Малыш понял его с полуслова:
— О Сбитой и Пропавшей? — уточнил он. — Говорят, пала жертвой ритуала. Так, де, в нашу Империю вызвали демона. Чтобы бросить вызов Её Величеству. Колдуны голову подняли! Мало их жгли, ой, мало!
— А колдунов уже нашли? — повторил вопрос следователь. — Только если между нами.
— Ой, дядя, — понизив голос, произнёс газетчик. — Если правду желаете знать, так никто и не ведает, где тело и колдуны. Дело тёмное и запутанное! Так сам дядя Борис говорит.
— Ясно, — ответил Фёдор. — А про Миллениум что там, в твоей газетке?
— Учёные говорят, что ровно в двухтысячном году электронные хронометры работать перестанут! — голос Петьки был заговорщическим. — Надобно к механическим возвращаться.
— Всё понял, — произнёс Иванов и потушил сигарету. — Ну, будь здоров, Петька.
— И вы хворым не будьте, благородный дяденька.
Закрытое окно тут же отрезало все звуки улицы. Визит графа Галунова не предвещал ничего хорошего. Одно дело, когда ты — благородный муж, для души работаешь следователем. Фёдор всегда тешил себя мыслью, что он может уйти в любой момент. Помахать рукой. Вернуться в родовое имение и заниматься тем, чем, к примеру, развлекает себя его брат. Охота, балы, мемуары. Боулинг, бильярд.

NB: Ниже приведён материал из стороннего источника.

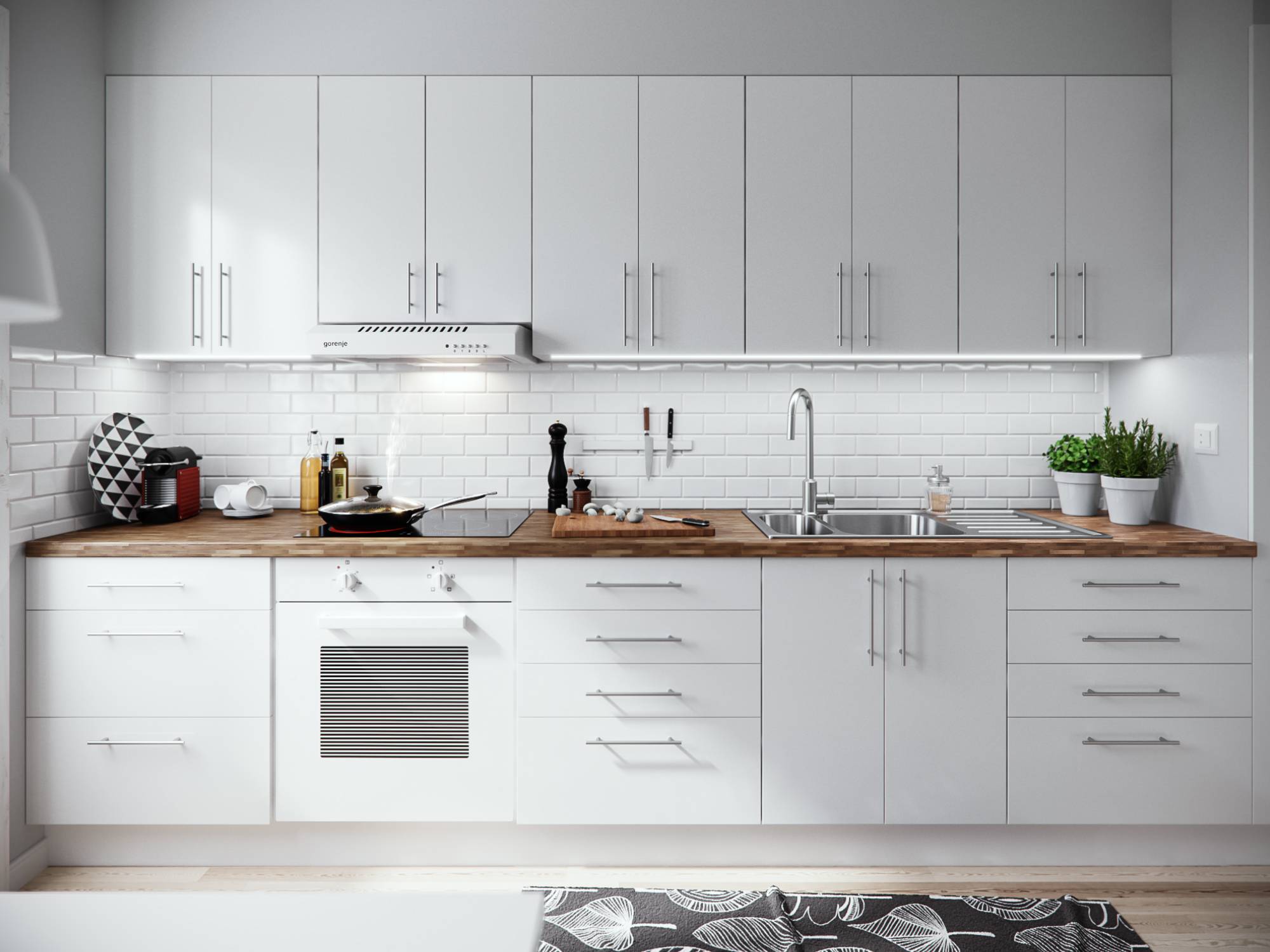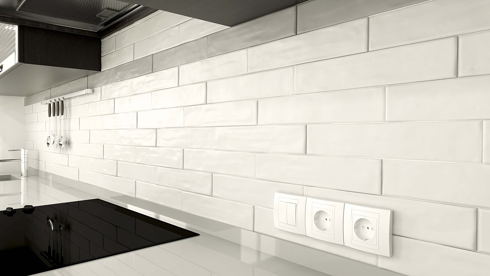 При создании белой кухни в скандинавском стиле особой популярностью пользуется белая плитка “кабанчик”
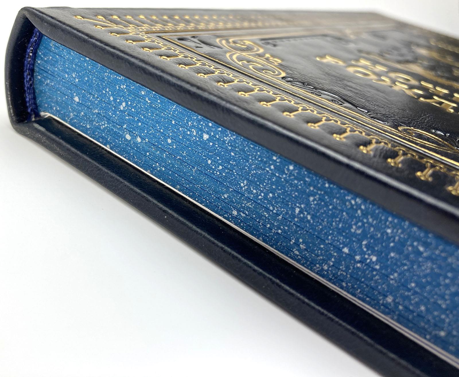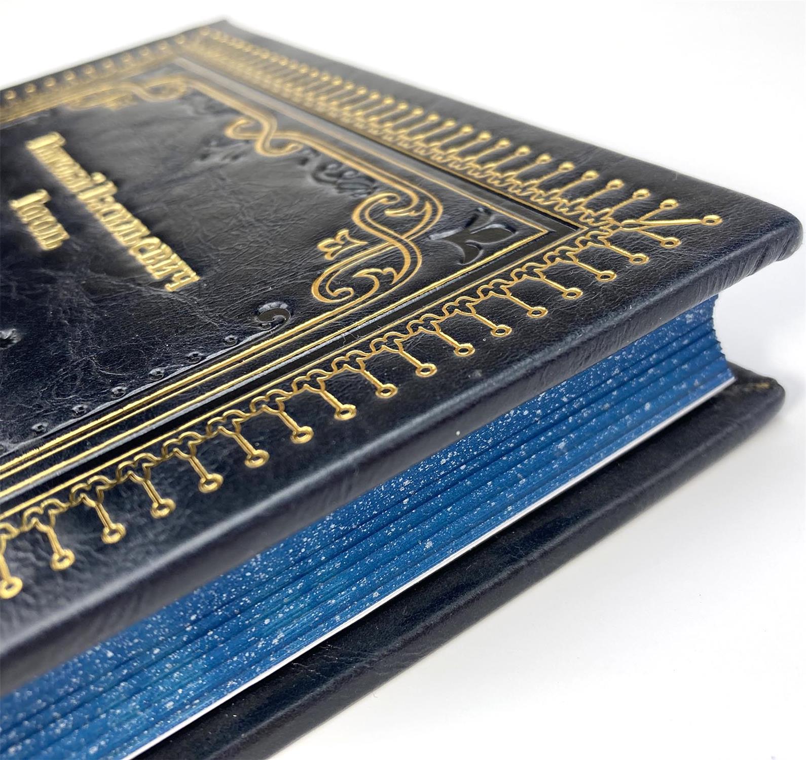 Кожаный переплет ручной работы, золотое и рельефное тиснение. Книжный блок страниц отшлифован и тонирован вручную. Покраска книжного блока с трех сторон с золотыми вкраплениями. Форзац выполнен из дизайнерской бумаги. Только натуральная переплетная кожа, отпечатано на высококачественной бумаге.

Но теперь — дело другое. Теперь нельзя в грязь лицом ударить. Как ни крути, Императрица. Окружила она себя, конечно, отборными друзьями. Такие удушат — глазом не успеешь моргнуть. И всё же, за два месяца следствия он должен был признать: дело зашло в тупик.
Подозреваемого — нет. Машины — нет. Хуже того! Даже тело умершей пропало… Конечно, напрямую к делу это не относится, но всё же. Следователь Иванов думал о том, как здорово было бы весь город видеокамерами заставить. Чтобы они писали всю обстановку круглосуточно. Как просто было бы дела расследовать!
Увы, видеокамеры были громоздкими, а ещё — требовали кассет для записи. Их надлежало менять каждые три часа. Новейшая разработка японских учёных позволяла использовать вместо кассет с лентой массивные жестяные диски. На них запись велась беспрерывно и десять, и двадцать часов. Но и здесь были недостатки.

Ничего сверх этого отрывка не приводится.